We want to protect code which runs in Security Zones with lower protection class, but a reduction in productivity should be minimized.
We want to avoid "Cluster sprawl" which increases maintenance burden.

Considered Options¶

Use Namespace isolation between application and observability stack.
- Good, because it avoids Cluster sprawl.
- Bad, because Security Zones are only enforced using NetworkPolicies, which is usually insufficient for high-security organizations.
Use Node isolation between application and observability stack.
- Good, because it avoids Cluster sprawl.
- Good, because each Node may run in a different Security Zone.
- Bad, because Kubernetes and its CNI tends to assume non-restricted communication between Nodes. The resulting firewall rules might look very generous and hard to audit.
- Bad, because the Kubernetes control plane is shared between Security Zones, which violates the spirit of zoning.
Use Cluster isolation between application and observability stack.
- Good, because each Cluster can run in a different Security Zone.
- Good, because the application and observability stack can be in different Security Zones.
- Bad, because traces end up in the same Security Zone as logs and metrics.
Use Cluster isolation between application and observability stack. Host the application and its traces in one Cluster, while the other Cluster hosts logs and metrics.
- Good, because it avoids Cluster sprawl, i.e., only two Clusters, instead of the minimum of one.
- Good, because it follows the Security Zone model.
Use Cluster isolation with one Cluster for each of application, traces, logs and metrics.
- Neutral, because, compared to the option above, it does allow more Security Zones. However, many Security Zones are likely to be of the same protection class, hence, the benefits in terms of security does not outweigh the cost.
- Bad, because it leads to Cluster sprawl.

Decision Outcome¶

Chosen option: "Option 4: Host the application and its traces in one Cluster, while the other Cluster hosts logs and metrics", because it provides the right tradeoff between number of Security Zones and Cluster sprawl.

Illustration of Option 4

Other Considerations¶

Glossary used in Welkin¶

Welkin uses the following glossary:

The Cluster hosting the application and traces is called the Workload Cluster.
The Cluster hosting logs and metrics is called the Management Cluster.
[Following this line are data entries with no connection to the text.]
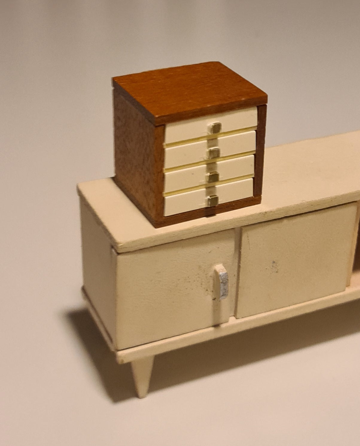 LIDO skuffe-kabinet af træ med 4 smalle hvide skuffer. Et udsøgt dukkehusmøbel. De er forholdsvis sjældne og svære at få fat på.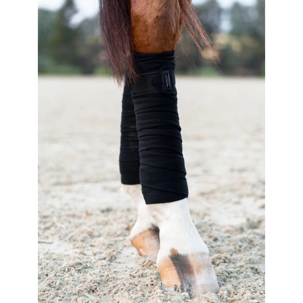 High quality fleece bandages in a stylish black color. Decorated with black satin details and an Equestrian Stockholm badge in black. Style with our saddle pad and ear net from the Total Eclipse collection to complete the glamorous look. Sold in sets of four.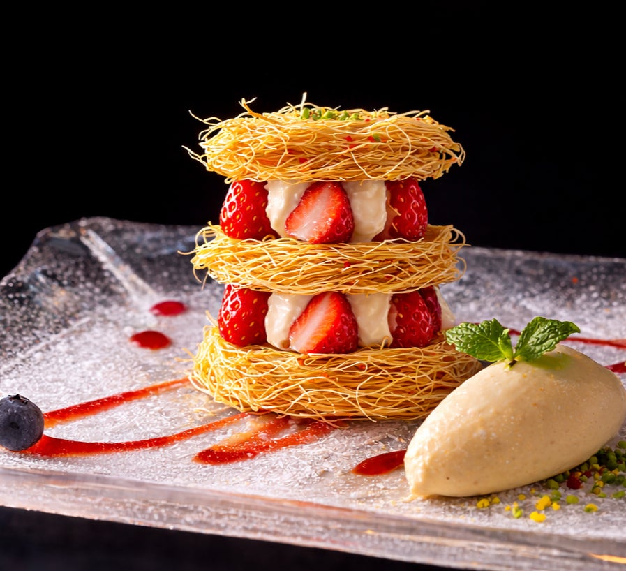 さらに2004年のオープン当初から提供する人気デザート『ジョエル・ロブションのミルフィーユ ~天使の髪をつむいで~』を、“とちあいか”を使った新作としてご用意いたします。香ばしく焼き上げたカダイフに“とちあいか”と、マスカルポーネと生クリームの軽やかなクリームを重ねました。サクサクの生地と苺、コクのあるクリームの調和をお楽しみいただけます。是非この機会に期間限定デザートをお楽しみください。
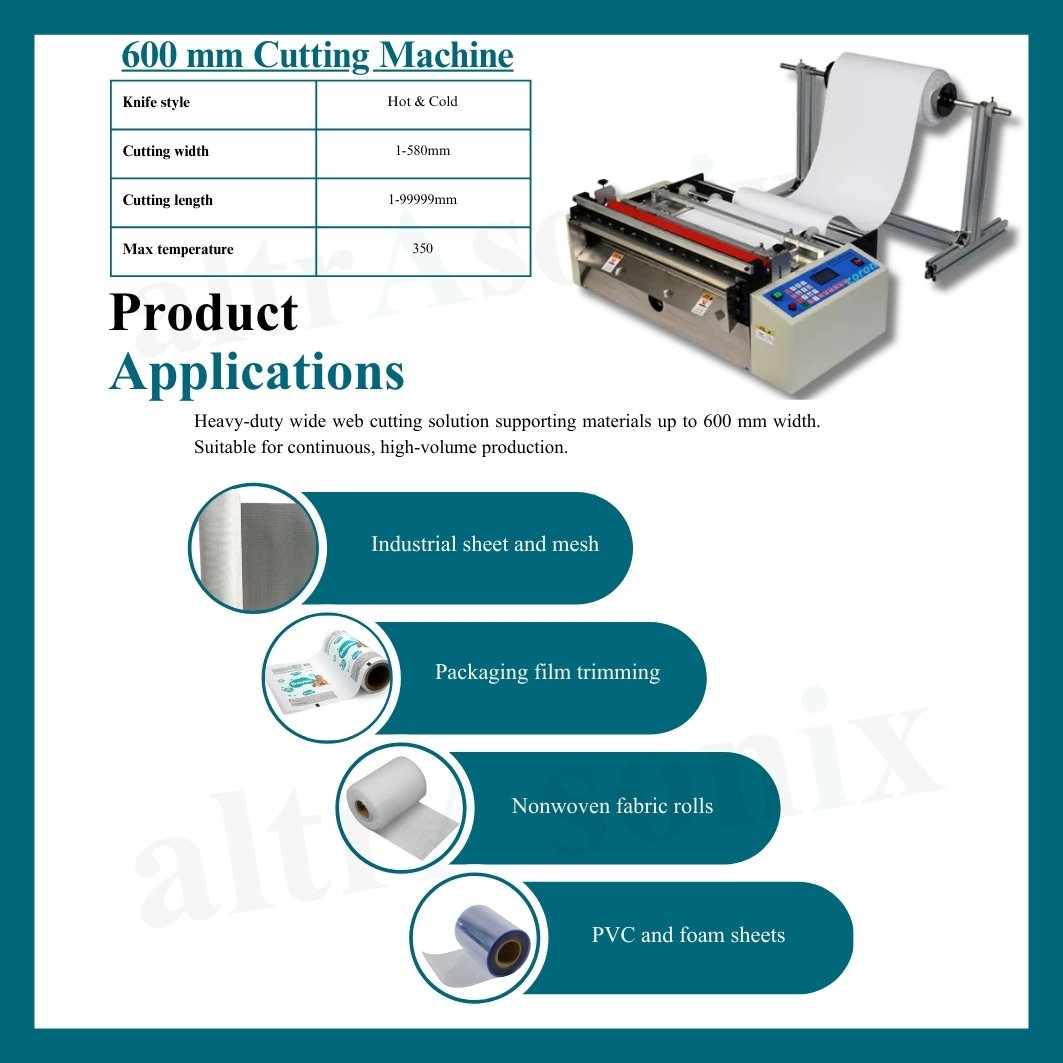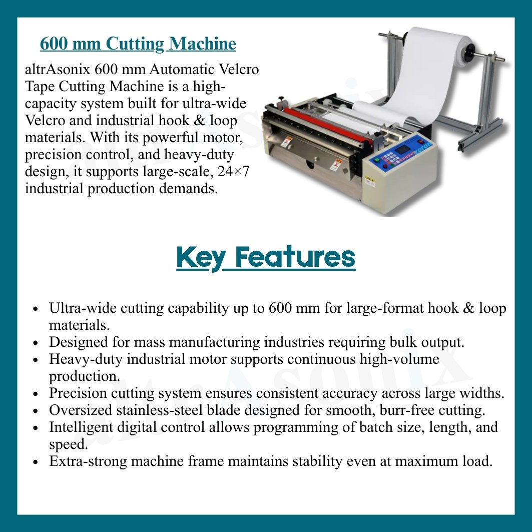 Hot & Cold Lanyard Cutting Machine – 600 mm by altrAsonix is a high-capacity industrial cutting system engineered for extra-wide textile rolls, industrial lanyards, and technical fabric strips. With an impressive 600 mm class cutting capacity, this machine is built for heavy-duty applications and continuous large-scale production environments.

The pair of Cluster form a Welkin Environment.

Automated Platform Updates via Tekton¶

If the Workload Cluster is in a Security Zone with a high protection class, then we recommend against using auto-updates with Tekton. Prefer running the migration scripts manually for added human supervision. See ADR-0035 Run Tekton on Management Cluster.

Cluster API¶

If the Workload Cluster is in a Security Zone with a higher protection class than the Management Cluster, then the Workload Cluster should run its own Cluster API controller. This goes against ADR-0033 Run Cluster API controllers on Management Cluster.

Tamper-Proof Logging¶

Some regulations and information security standards require tamper-proof logging. In other words, a compromise of the application Deployment should not enable an attacker to remove their trails and hinder forensics. Welkin already observes this principle for its observability stack, e.g., the access that the Workload Cluster has to the Service Cluster cannot be used to remove old log entries. (Of course, garbage new log entries may be created, but that only makes an attack more obvious during log review.

Cluster isolation between the application and its logs adds another layer of protection: The attacker would need to:

compromise the application;
compromise the underlying Workload Cluster to reach log collection components (Fluentd);
compromise the OpenSearch endpoint on the Service Cluster.